How Modern Society Hides Dependence
Stephen concludes by explaining why modern people often forget this fuller picture of the human being.
Main culprits
- bureaucracy
- market logic
- efficiency thinking
- output-based evaluation
These systems encourage people to measure worth by productivity and exchange value. That makes dependent people—children, the sick, the elderly, the disabled—seem like burdens because they do not “pay back” care in equal terms.
MacIntyre’s critique
He is not anti-market, but he objects to a society where market logic becomes the default way of understanding human value. In that setting:
- dependence looks like failure
- care looks inefficient
- vulnerability becomes a liability
- moral life gets reduced to calculation
Key Takeaways
- Human beings are not self-made individuals; they are dependent rational animals.
- Dependence is not a defect to be ashamed of—it is a basic human reality.
- Moral life requires not only justice and courage, but also care-based virtues like mercy, beneficence, and generosity.
- Rationality develops through relationships of nurture, education, and trust.

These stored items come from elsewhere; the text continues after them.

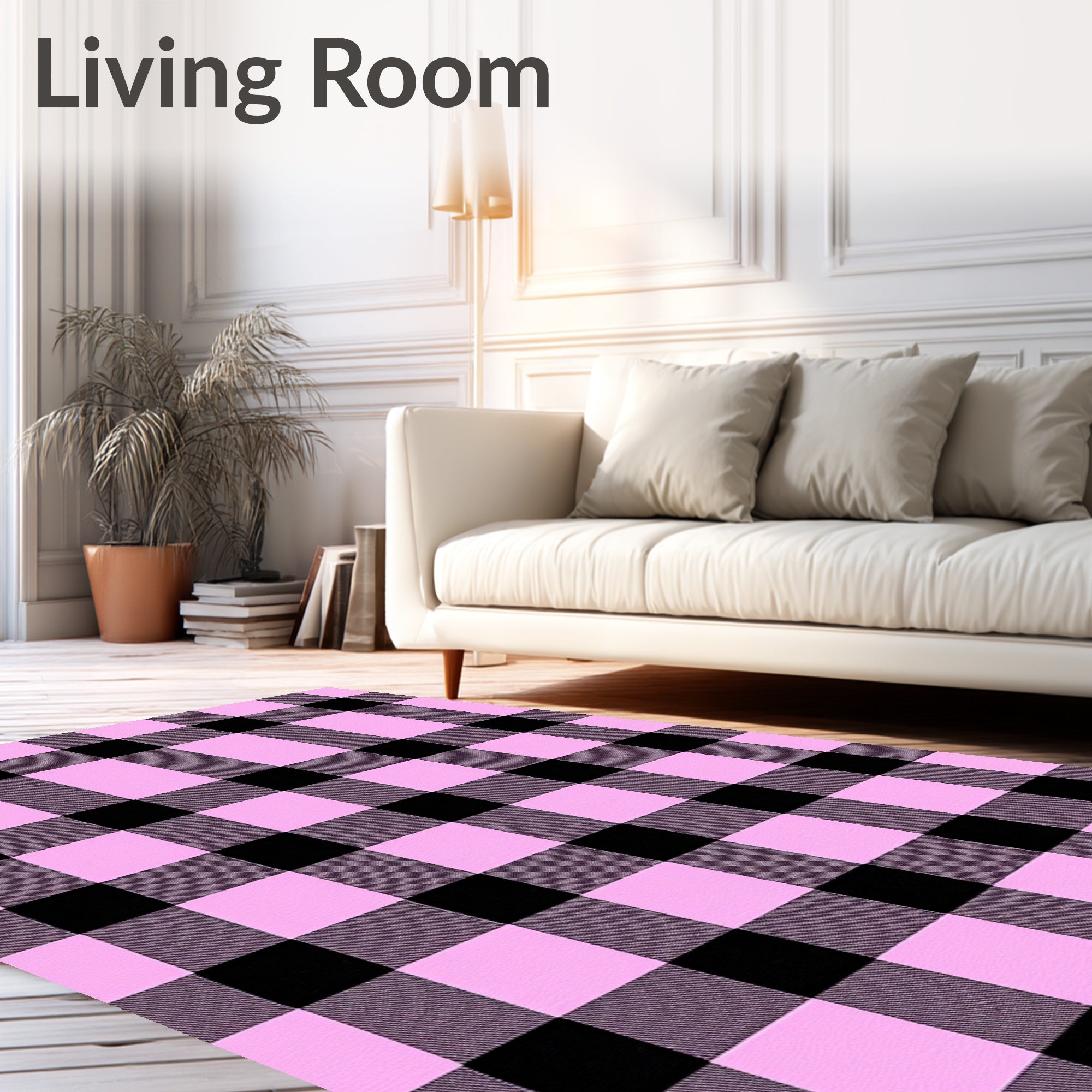 Ultra Soft Area Rug, Non Slip, Stain Resistant, Washable Area Rugs for Living Room, Bedroom, Bold Buffalo Check Motif Composed of Large Contrasting Blocks(Pink) Overview:
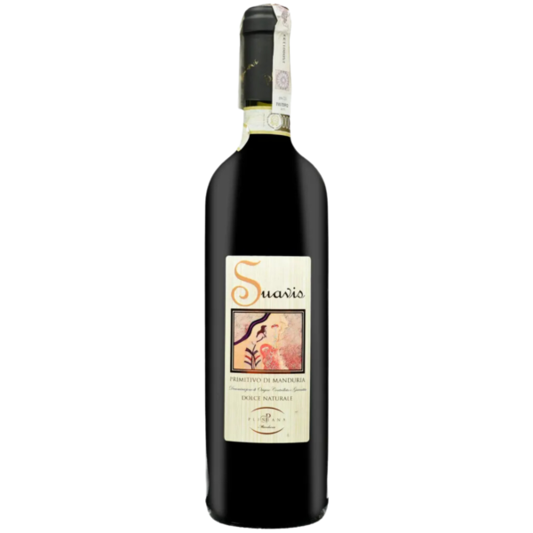 Nieczęsto spotykane słodkie wino czerwone z gorącego południa Włoch. Nie jest tak mocne i ciężkie jak wina likierowe, a naturalny cukier resztkowy równoważą garbniki solidnie macerowanych gron odmiany primitivo. Winnice mają ponad trzydzieści lat. Zebrane grona podsusza się dla koncentracji cukrów, po krótkiej fermentacji dojrzewa pół roku w kadziach. Ma barwę gęstej purpury i fioletu, intensywny zapach leśnych owoców i truskawek z niuansami czekolady i przypraw korzennych. Dzięki niezłej równowadze smaku zachowuje rześkość. Można spróbować z przekąskami jak orzechy czy prażone migdały, z serem pecorino, ale chyba najsensowniej do suchych ciast i pierników.
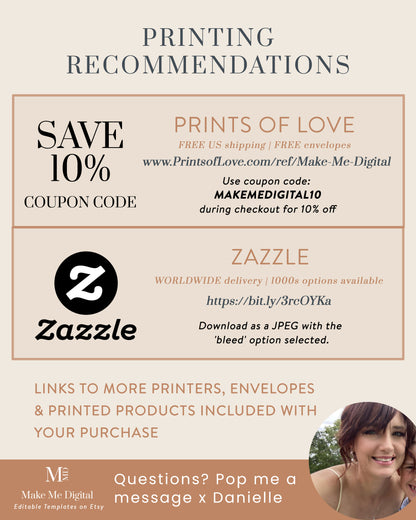 For guidelines on how easy it is to print at home or with a print shop of your choice, please see How to Edit your Template & How To Prepare Your Template for Print pages for detailed instructions.
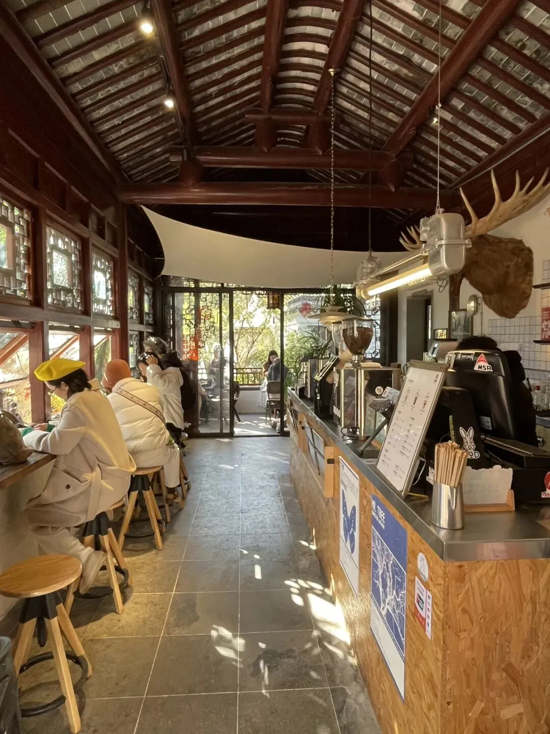 虎丘里还有一家叫三山船屋的咖啡店,店藏在树林间,装修简约,很适合点一杯咖啡坐在窗边晒太阳休息。我点了虎丘限定的招牌三花奶白,是加了茉莉、桂花、白玉兰的奶茶,奶味很浓,茶味清香。
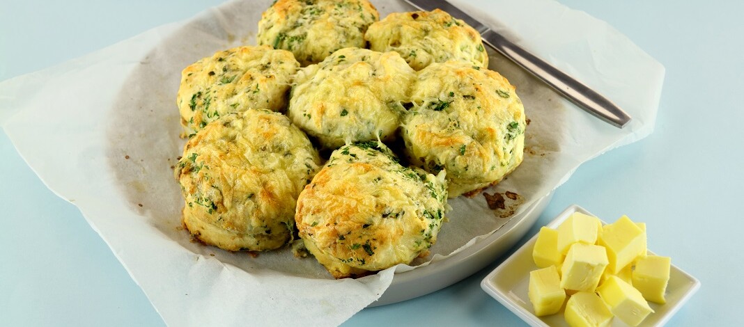 Presară pe suprafața de lucru făină și frământă acolo aluatul. Rulează-l puțin cu sucitorul ca să îl întinzi, după care taie-l în 8 părți egale. Pune aluatul într-o tavă tapetată cu hârtie de copt sau unsă cu ulei. Pe deasupra, unge fiecare bucată de aluat cu frișcă lichidă. Dă apoi tava la cuptor pentru aproximativ 20 minute sau până devin ușor aurii. Scoate-le din cuptor când sunt gata și lasă-le să se răcească, iar apoi păstrează-le acoperite până urmează să le servești.
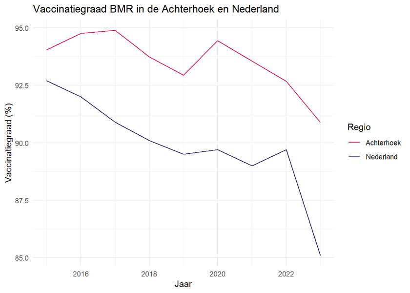 Landelijk neemt de vaccinatiegraad ook af. In 2015 had nog ongeveer 93% zo'n BMR-vaccinatie. Vorig jaar is dit aantal gedaald naar bijna 85%, valt af te lezen in de grafiek. "91% in de Achterhoek is hoger dan het landelijk gemiddelde, maar dit betekent niet dat er geen reden tot zorg is”, legt de GGD-woordvoerder uit. "Voor mazelen moet een vaccinatiegraad van 95% behaald worden voor groepsimmuniteit en om uitbraken te voorkomen. 91% ligt daar dus ook onder. Redenen voor niet-vaccineren die wij horen zijn religieuze en antroposofische overtuigingen en het wantrouwen in de overheid en vaccinaties."
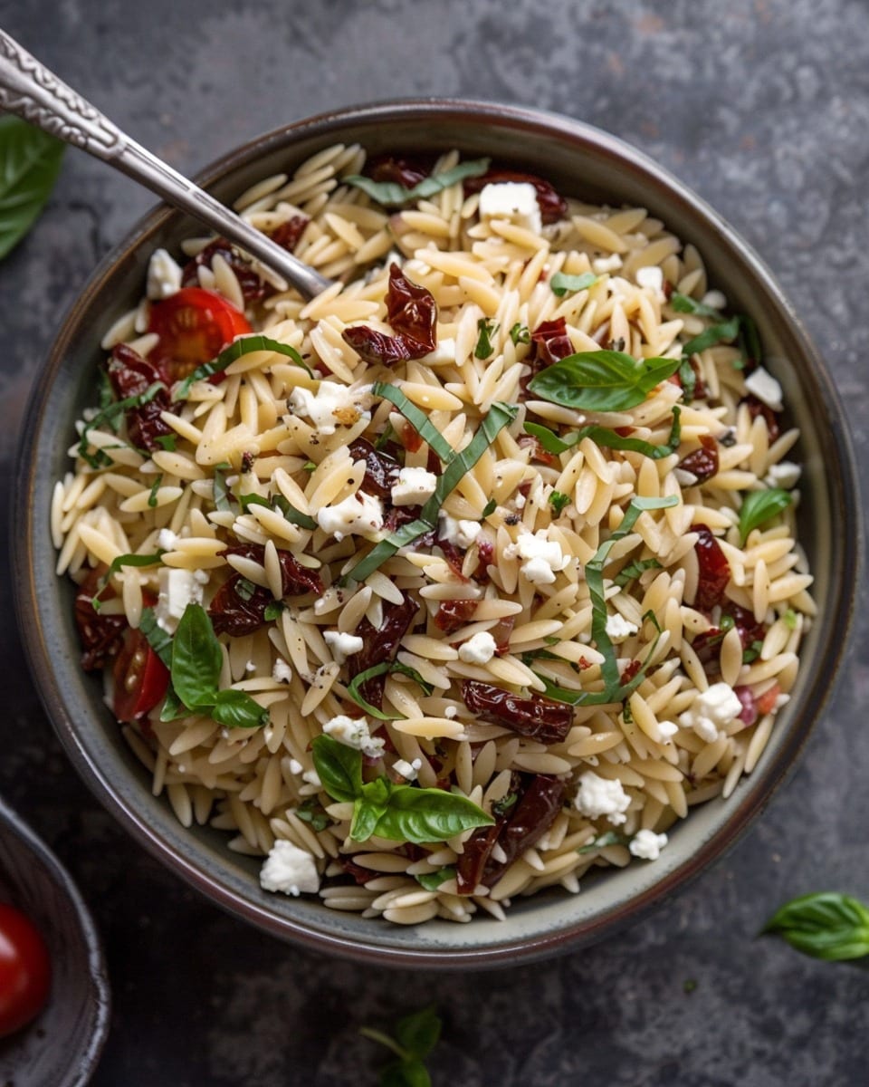 A light yet satisfying orzo pasta salad packed with tender orzo, salty feta, tangy sun dried tomatoes, and fresh herbs—all tied together with a lemony olive oil dressing. Perfect for potlucks, lunches, or easy meal prep.
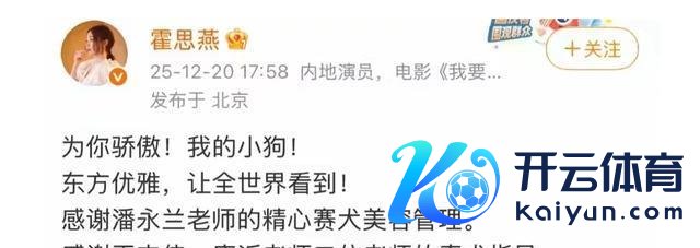 霍念念燕在应付平台发文称,“为你自傲!我的小狗!东方优雅,让全全国看到!”
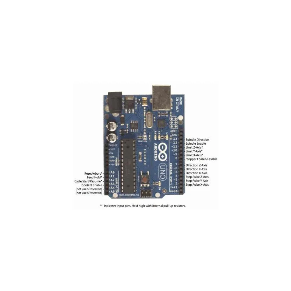 - 4 ejes de soporte X, Y, Z, A (el eje A, puede duplicar los ejes X, Y, Z o por defecto, hacer un cuarto eje completo con firmware personalizado utilizando los pines D12 y D13)
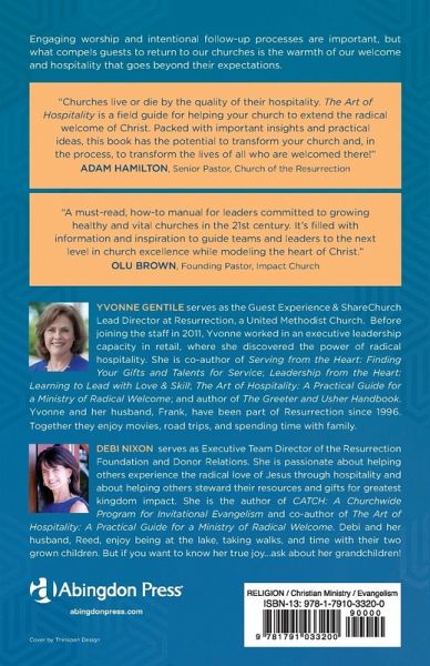 Create a culture of radical hospitality that surprises and delights guests beyond their expectations. Engaging worship and intentional follow-up processes are important, but what compels guests to return to our churches is the warmth of our welcome and hospitality that goes beyond their expectations. In The Art of Hospitality, Yvonne Gentile and Debi Nixon guide you and your church creating radical hospitality that infiltrates the heart and culture of the entire congregation. Complete with key principles and proven techniques and strategies, this compelling and practical program will transform the way you do church, leaving guests surprised, delighted, and eager to return. This Revised Edition includes new insights and strategies for effective hospitality and welcome in all aspects of your digital and in-person ministry. This book is for pastors and other leaders in the church. Choose the Companion Book for everyone else in the congregation.
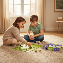 Baaa-tle je dynamická strategická spoločenská hra značky Djeco, v ktorej sa hráči snažia čo najrýchlejšie doviesť svoje ovce na lúku, no cesta nie je jednoduchá. Súperi sa môžu navzájom blokovať, plánovať taktické ťahy a premieňať každé kolo na napínavý súboj o víťazstvo. Jednoduché pravidlá sa naučia aj mladšie deti a hracia doba do 15 minút zaručuje, že sa hra stane hitom rodinných večerov alebo stretnutí s kamarátmi.Prečo si vybrať túto hru od Djeco:Vhodná pre deti od 6 rokov. Strategická hra vhodná pre celú rodinu. Krátke kolá s vysokým napätím. Možnosť blokovať súperove ovce a meniť priebeh hry. Tematika oviec a lúky priateľská pre deti. Kompaktné balenie vhodné aj na cesty. Pre 2 hráčov. Čo hra rozvíja u detí:Strategické a logické myslenie – plánovanie ťahov a reakcie na súperove rozhodnutia. Koncentrácia a predvídanie – sledovanie polohy figúrok a plánovanie ďalších krokov. Komunikácia a spoločná hra – hra s rodičmi, súrodencami alebo kamarátmi. Schopnosť zvládať výhru aj prehru – zdravý prístup počas súbojov. Obsah balenia:Herný plán, 6 obojstranných figúrok čiernych ovečiek, 6 obojstranných figúrok bielych ovečiek,2 špeciálne kocky. Pravidlá hry
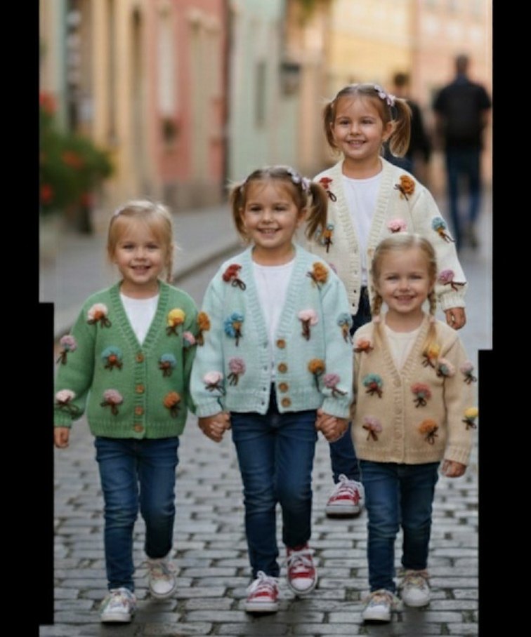 Bol kesim, uzun kollu karanfillerle süslenmiş hırka her renk örüyorum sipariş aliyorum
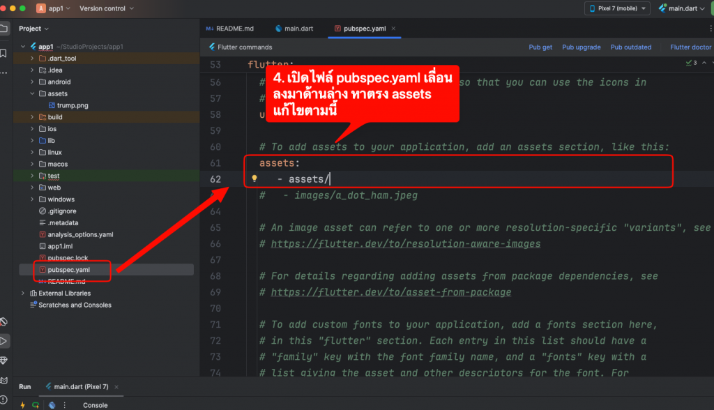 ไปแก้ pubspec.yaml
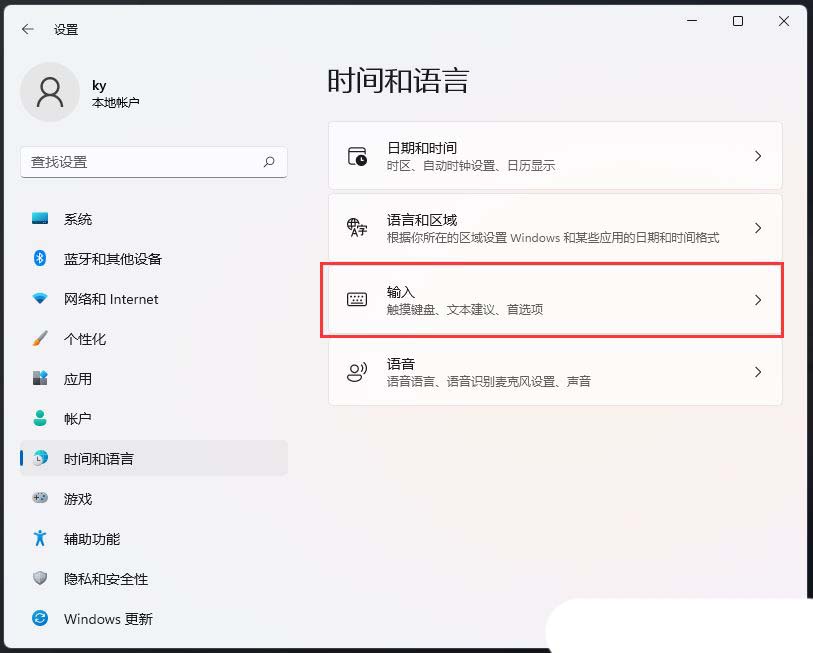 3、右侧,点击【输入(触摸键盘、文本建议、首选项)】;
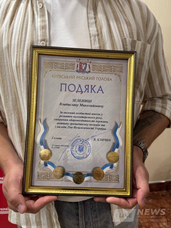 Волонтерський штаб «Українська команда» продовжує відзначати тих, хто щодня своєю працею та небайдужістю підтримує українців у час війни. Цього разу подяку від мера Києва Віталія Кличка отримав Владислав Зелениця — активний волонтер, який робить вагомий внесок у розвиток волонтерського руху.
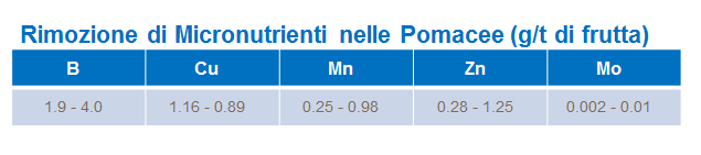 Nonostante siano necessarie concentrazioni nettamente inferiori di micronutrienti per consentire una buona crescita, boro, rame, manganese e zinco sono fondamentali per le pomacee.
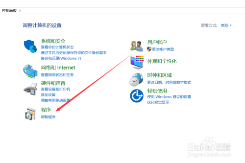 在打开的win10节制面板里直接点击【卸载法式】,如下图所示。
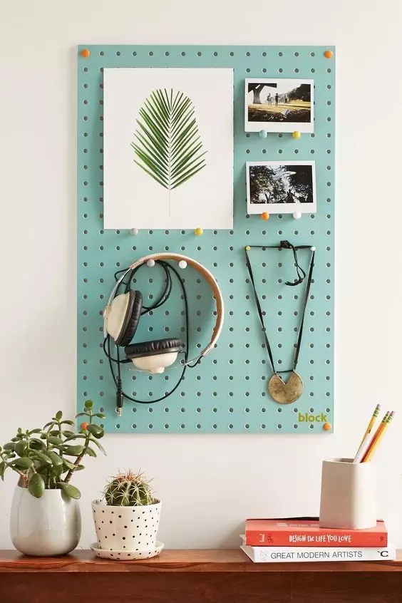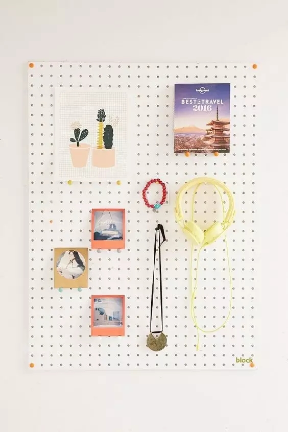 如果你觉得白色单调,没关系!买块彩色的洞洞板或者自己粉刷上喜欢的颜色,这就是一块有颜有实力的板子,随心所欲~

- Politics and success should be judged by how well they support the vulnerable, not just the strongest or most productive.
- Modern bureaucracy and market thinking can obscure the moral importance of dependence and care.
Final Insight
The episode’s central message is that human flourishing is inseparable from vulnerability, care, and mutual reliance. MacIntyre invites us to stop seeing dependence as the opposite of freedom and instead recognize it as one of the conditions that makes real freedom possible.